Business Forecasting - Activity
This Activity aims to help you practice some of the main techniques that you will be expected to know and demonstrate in analysing and assessing business decision-making.
You will be given a series of tasks to complete, with a step-by-step guide on how to master the techniques. An accompanying Excel spreadsheet of the data is also included to assist you in the tasks. Of course, you can carry out the tasks manually if you wish.
Task 1
- Construct graphs based on the data below. Extrapolate the data to predict the company's sales for 2006.
Company 1
| 2001 | 3000 |
| 2002 | 3600 |
| 2003 | 4200 |
| 2004 | 4800 |
| 2005 | 5400 |
| 2006 | |
Use the data in an Excel spreadsheet...
Company 2
| 2001 | 2000 |
| 2002 | 2200 |
| 2003 | 3000 |
| 2004 | 4600 |
| 2005 | 7200 |
| 2006 | |
Use the data in an Excel spreadsheet...
Task 2
- Explain the reasoning for your prediction.
- Which of the two companies was easier to predict and why?
- What other information would be useful in helping you to comment on the validity and reliability of the prediction?
- Assume that your prediction could be inaccurate by + or - £50,000. How might you show this on your graph?
Calculating Moving Averages
The aim is to use the data below to predict the level of sales for 2006. Follow the tasks below to make your prediction.
| 1993 | 150 |
| 1994 | 153 |
| 1995 | 157 |
| 1996 | 151 |
| 1997 | 149 |
| 1998 | 156 |
| 1999 | 163 |
| 2000 | 159 |
| 2001 | 154 |
| 2002 | 153 |
| 2003 | 159 |
| 2004 | 165 |
| 2005 | 162 |
Use the data in an Excel spreadsheet...
Task 3
- Plot the data in the table into a graph. (You can use the spreadsheet to facilitate this process).
- What, if any, trends does the data exhibit?
- What explanation could you offer for the trend/s you may have identified? (Hint: think about the business cycle - see the glossary for a definition of this term)
Task 4
- Calculate the 5-point moving total. To do this, add the first 5 years data and then move forward by one year adding the next 5 points and so on.
| 1993 | 150 | |
| 1994 | 153 | |
| 1995 | 157 | |
| 1996 | 151 | |
| 1997 | 149 | |
| 1998 | 156 | |
| 1999 | 163 | |
| 2000 | 159 | |
| 2001 | 154 | |
| 2002 | 153 | |
| 2003 | 159 | |
| 2004 | 165 | |
| 2005 | 162 | |
Use the data in an Excel spreadsheet...
Task 5
- Calculate the 5-point moving average by dividing the 5-point moving total by 5. The result should be placed in the middle box of the series of numbers (1995 for the first series).
- If you were to use a 3-point moving average, you would do the same process but use only 3 years. The aim of this technique is to smooth out cyclical variations in data.

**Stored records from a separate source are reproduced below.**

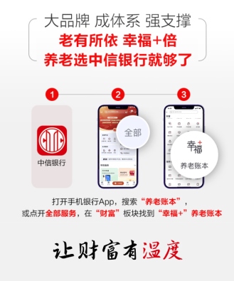 面對(duì)萬億規(guī)模個(gè)人養(yǎng)老金新藍(lán)海,銀行、基金、保險(xiǎn)等各類型金融機(jī)構(gòu),正加速布局。作為國內(nèi)最早推出年長客戶專屬服務(wù)的商業(yè)銀行,中信銀行始終關(guān)注并積極落實(shí)“應(yīng)對(duì)人口老齡化”的國家戰(zhàn)略,打造了包含“一個(gè)賬戶、一套產(chǎn)品、一個(gè)賬本、一套服務(wù)、一支隊(duì)伍、一份報(bào)告”六大支撐的養(yǎng)老金融服務(wù)體系,并推出“幸福+”養(yǎng)老賬本一站式養(yǎng)老金融服務(wù)平臺(tái),以實(shí)際行動(dòng)響應(yīng)國家號(hào)召、履行社會(huì)責(zé)任、助力第三支柱個(gè)人養(yǎng)老金制度實(shí)施落地。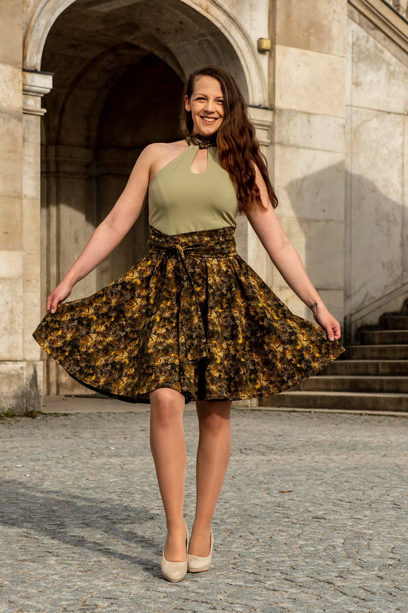 The Sinope summer dress is a wide swinging dream of a dress with a sophisticated drop neckline, which can also be left out if required. There are many different ways to attach the straps, so you can let your creativity run wild.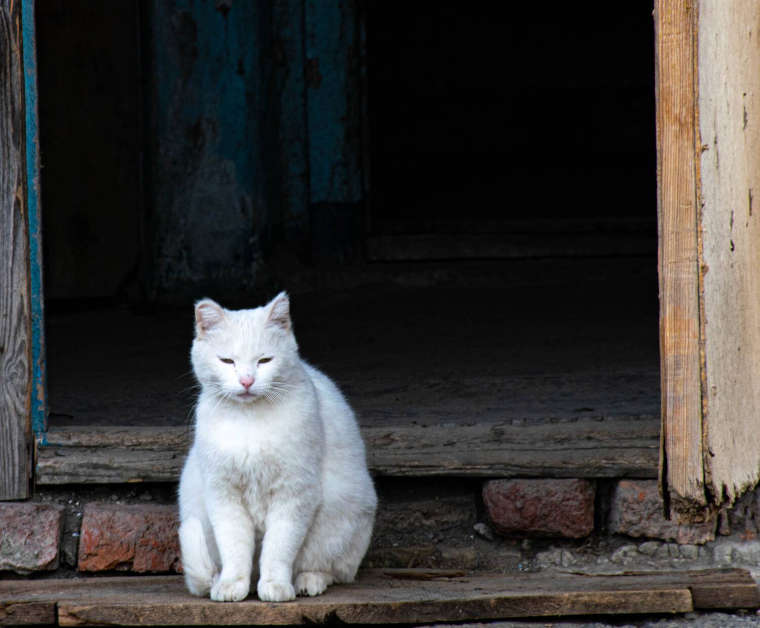 Белая кошка из мрачного подъезда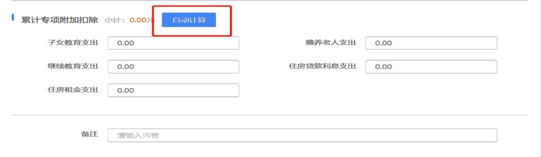 步骤二:如需获取该纳税人的累计专项附加扣除信息,要点击【自动计算】按钮来自动获取专项附加扣除额度(也可手动填写累计专项附加扣除信息。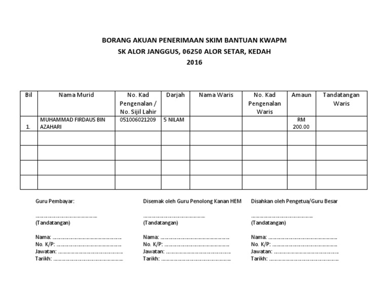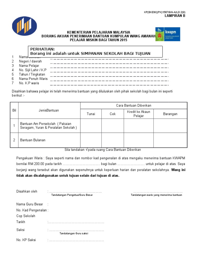 Borang penerimaan duit kwapm by hbugal. Pdf borang permohonan perjalanan pegawai awam ke luar negara atas urusan persendirian ( pdf, 84 kb ) (759 downloads). Pemohon orang kurang upaya (oku) yang tersenarai sebagai iaitu permohonan bsh secara online atau secara manual dengan mengisi borang bsh. Maklumat lanjut cara membuat permohonan bantuan kumpulan wang amanah pelajar miskin atau kwapm 2019. Permohonan bsh 2019 yang lulus dan tiada sebarang perubahan maklumat; Borang permohonan bantuan kwapm online. Untuk jawatan kosong aadk ini, anda perlu download borang dan hantarkan resume kepada majikan di kementerian tersebut. Permohonan ini akan ditolak sekiranya butiran yang diberikan tidak lengkap atau tidak benar. Klik sini untuk isi borang permohonan online. Hal ini kerana permohonan akan diproses mengikut maklumat dalam borang yang dikemukakan pemohon serta. Segala maklumat akan dikemaskini dari masa ke semasa. Kaunter permohonan dan kemaskini br1m 2019 akan dibuka pada tarikh yang ditetapkan. Markah laporan nilaian prestasi tahunan (lnpt) tahun 2017 2018 2019.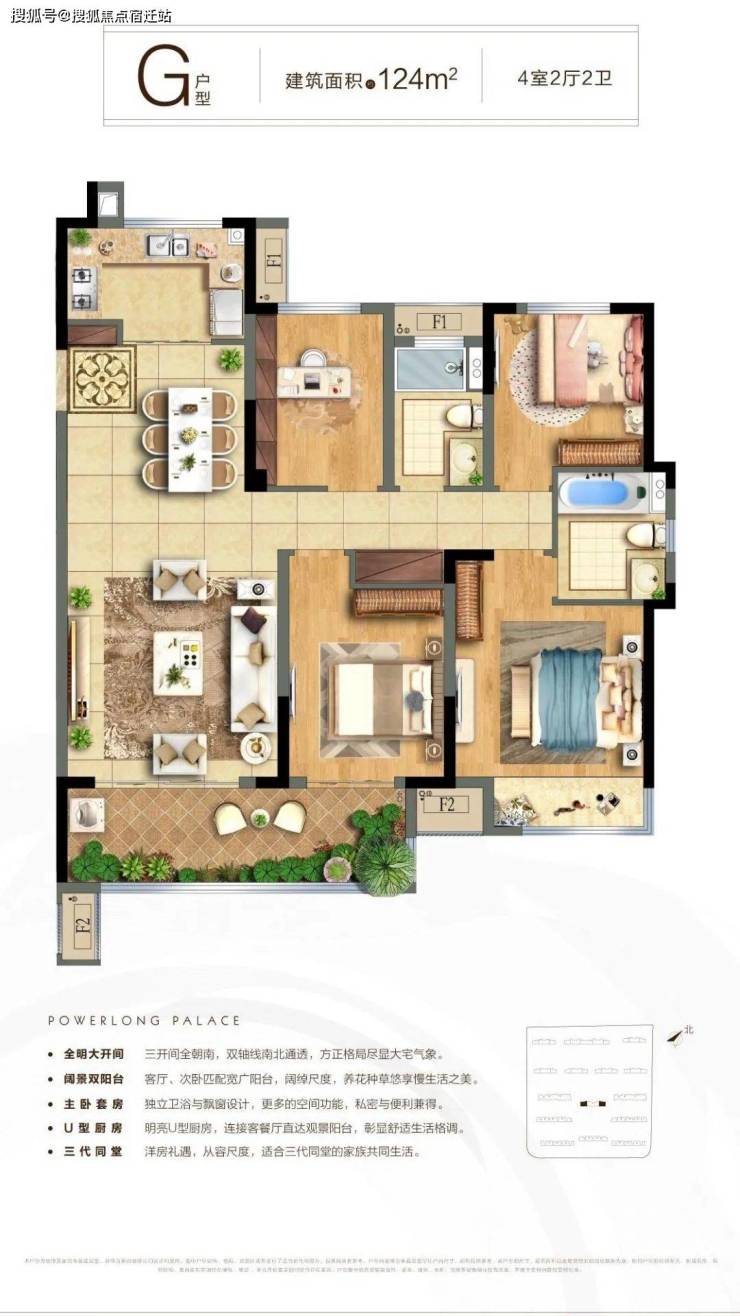 G户型:建面约124㎡,4室2厅2卫,户型方正,南北通风,对于三代同堂的家庭,还是蛮不错的选择。
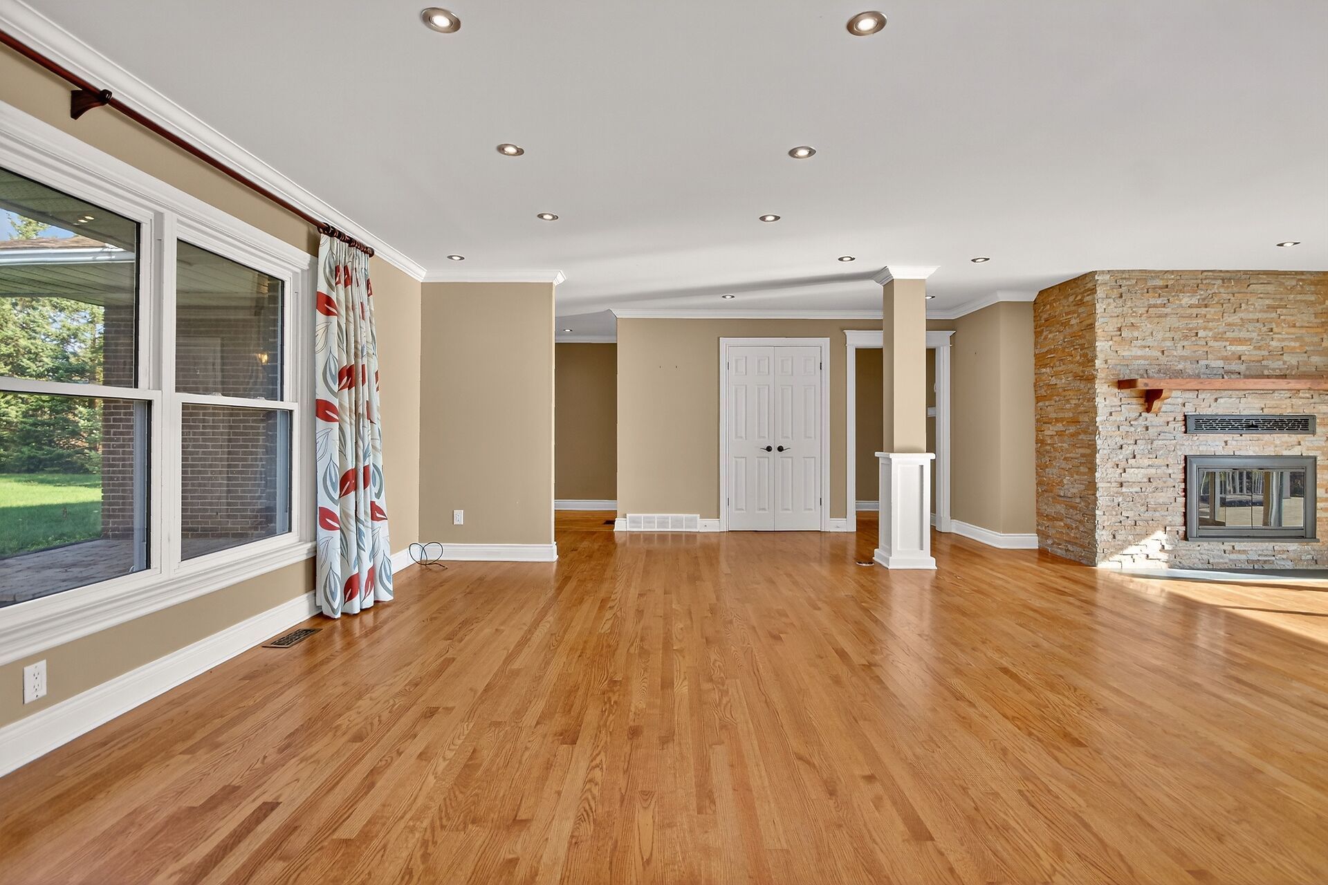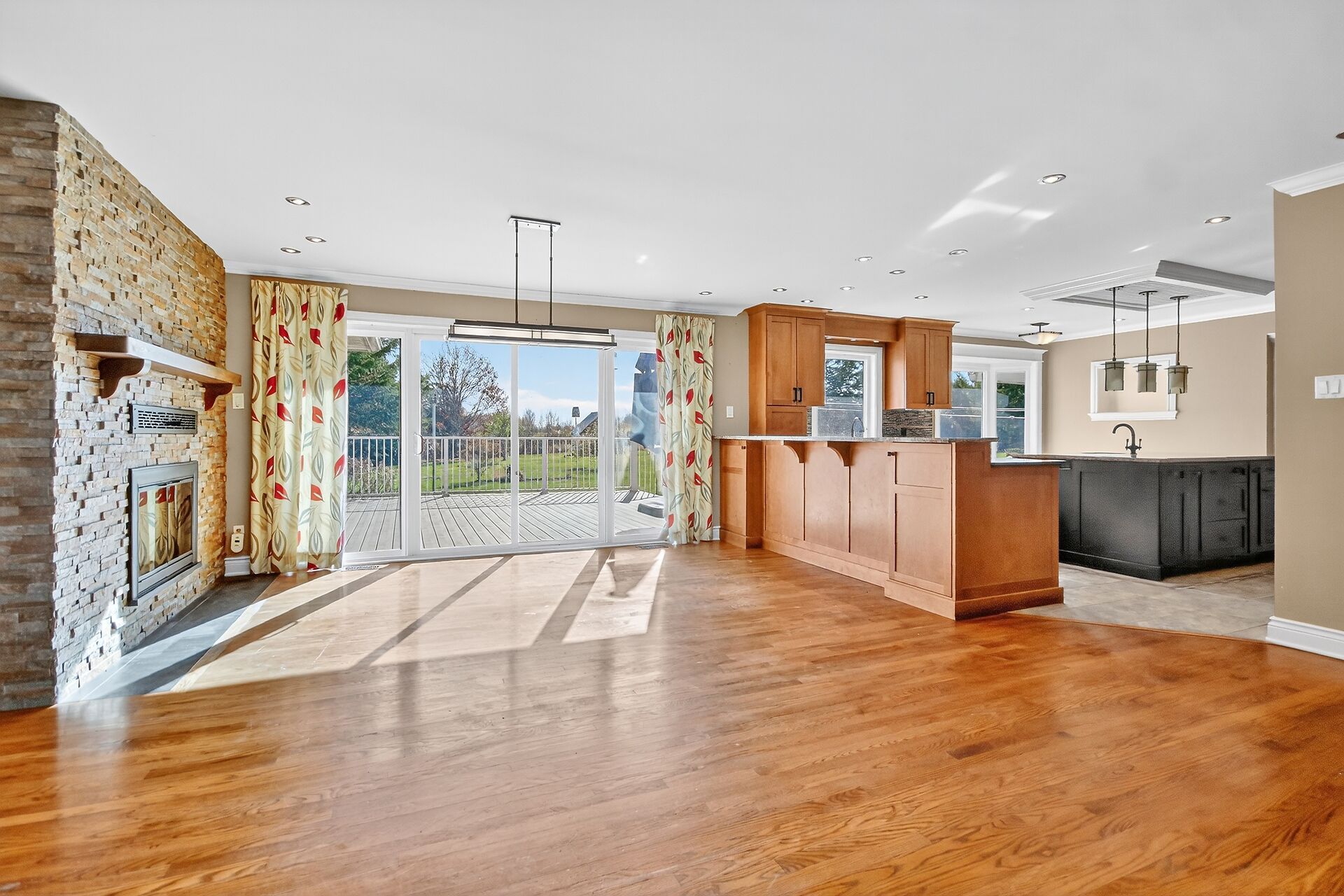 • Open-concept main floor with a cozy wood-burning fireplace.

- What factors might determine the number of 'points' you settle on?
| 1993 | 150 | |
| 1994 | 153 | |
| 1995 | 157 | |
| 1996 | 151 | |
| 1997 | 149 | |
| 1998 | 156 | |
| 1999 | 163 | |
| 2000 | 159 | |
| 2001 | 154 | |
| 2002 | 153 | |
| 2003 | 159 | |
| 2004 | 165 | |
| 2005 | 162 | |
Use the data in an Excel spreadsheet...
Task 6
- Plot the 5-point moving average data on the graph you have drawn of total sales against time.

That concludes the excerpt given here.